**** INFORMATION SHOWN ****

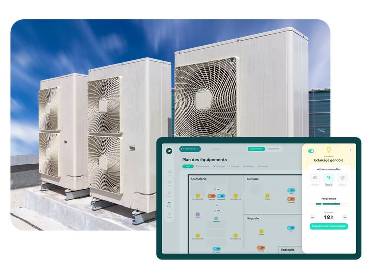 Notre solution permet de piloter simplement et à distance les équipements techniques de vos bâtiments : chauffage, ventilation, climatisation, éclairage, compresseurs.
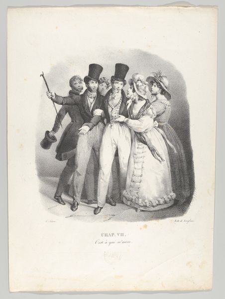 "The Neighbor," by J. J. Grandville, is an ink illustration on paper and is part of "The Complete Works of Béranger." Grandville was a French caricaturist known for his satirical illustrations, often critiquing the social and political norms of 19th-century France. In this piece, we observe a street encounter that exposes class distinctions, and gender roles. A well-dressed man in a top hat and riding boots, accompanied by a woman, engages with a stout figure in an apron. This interaction offers a glimpse into the negotiation of social boundaries. The artwork reveals a society deeply structured by visible signs of wealth and status. The woman in the background reminds us of the limited presence of women in the public sphere. Grandville captures a moment of social interplay with a sharp eye for detail. He invites us to reflect on the often unspoken rules that govern our interactions. The charm of the piece lies in its ability to distill complex social dynamics into a single, telling image.
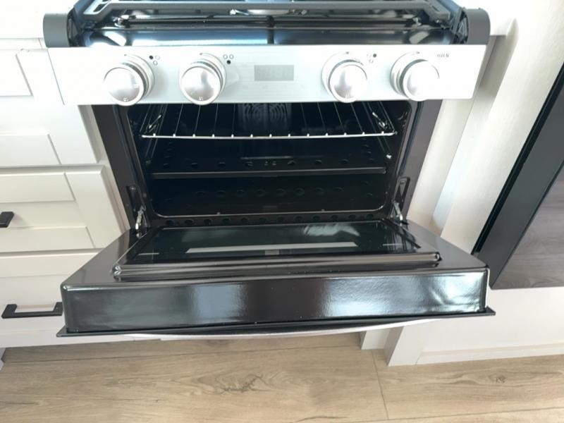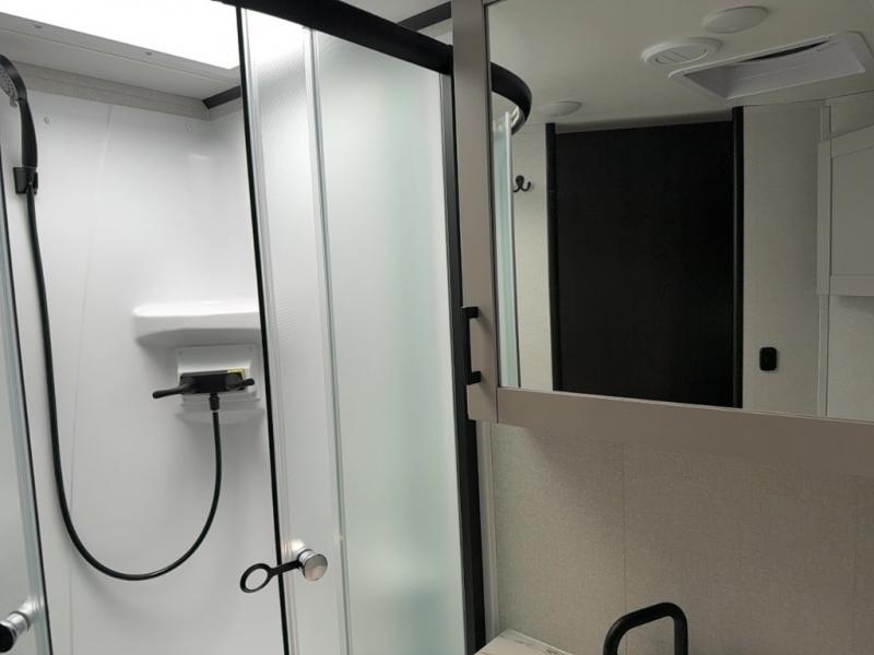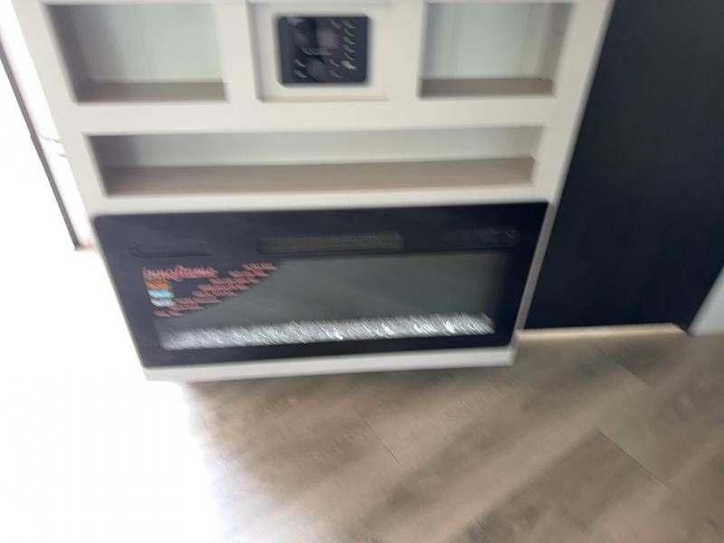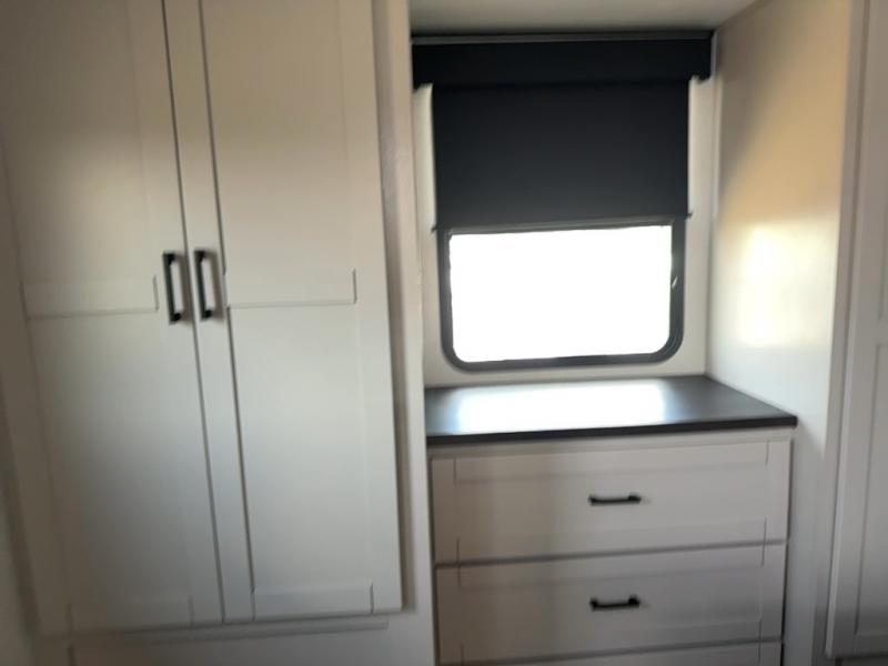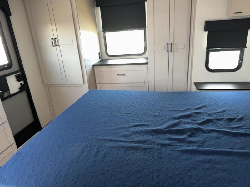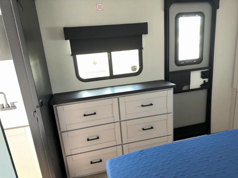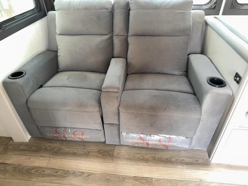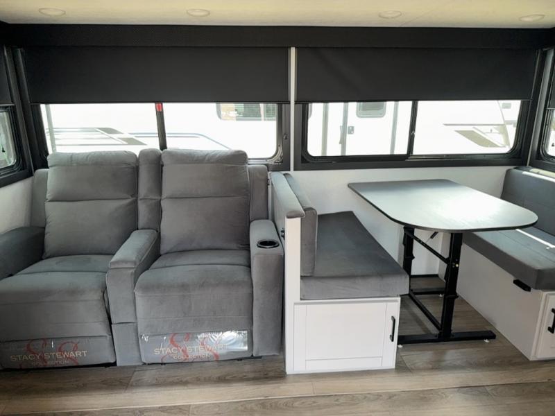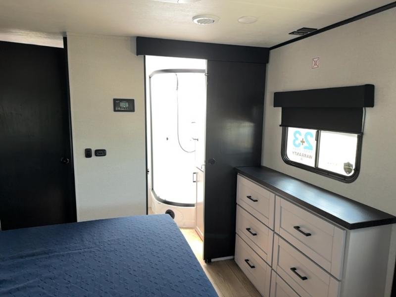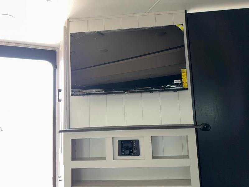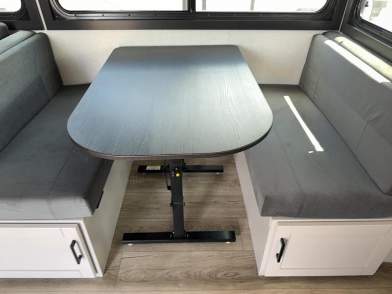 This front kitchen travel trailer will be perfect for camping trips to the lake or woods! The chef will appreciate ample counter space to prep meals plus an 11 cu. ft. 12V refrigerator to store leftovers. Your crew can dine at the booth dinette, then play a game after dinner is cleaned up. There is also a theater seat across from the entertainment center with an LED Smart TV to make it a movie night. A rear private bedroom is sure to make you feel right at home with a queen bed, dual wardrobes, and a dresser to keep your things organized. You'll also find one of the dual entry doors here for convenience!

****

» TASK DESCRIPTION:
With pictures excluded, the data must be transcribed in full and to the letter.

» REPLY:
 Notre solution permet de piloter simplement et à distance les équipements techniques de vos bâtiments : chauffage, ventilation, climatisation, éclairage, compresseurs.
 "The Neighbor," by J. J. Grandville, is an ink illustration on paper and is part of "The Complete Works of Béranger." Grandville was a French caricaturist known for his satirical illustrations, often critiquing the social and political norms of 19th-century France. In this piece, we observe a street encounter that exposes class distinctions, and gender roles. A well-dressed man in a top hat and riding boots, accompanied by a woman, engages with a stout figure in an apron. This interaction offers a glimpse into the negotiation of social boundaries. The artwork reveals a society deeply structured by visible signs of wealth and status. The woman in the background reminds us of the limited presence of women in the public sphere. Grandville captures a moment of social interplay with a sharp eye for detail. He invites us to reflect on the often unspoken rules that govern our interactions. The charm of the piece lies in its ability to distill complex social dynamics into a single, telling image.
 This front kitchen travel trailer will be perfect for camping trips to the lake or woods! The chef will appreciate ample counter space to prep meals plus an 11 cu. ft. 12V refrigerator to store leftovers. Your crew can dine at the booth dinette, then play a game after dinner is cleaned up. There is also a theater seat across from the entertainment center with an LED Smart TV to make it a movie night. A rear private bedroom is sure to make you feel right at home with a queen bed, dual wardrobes, and a dresser to keep your things organized. You'll also find one of the dual entry doors here for convenience!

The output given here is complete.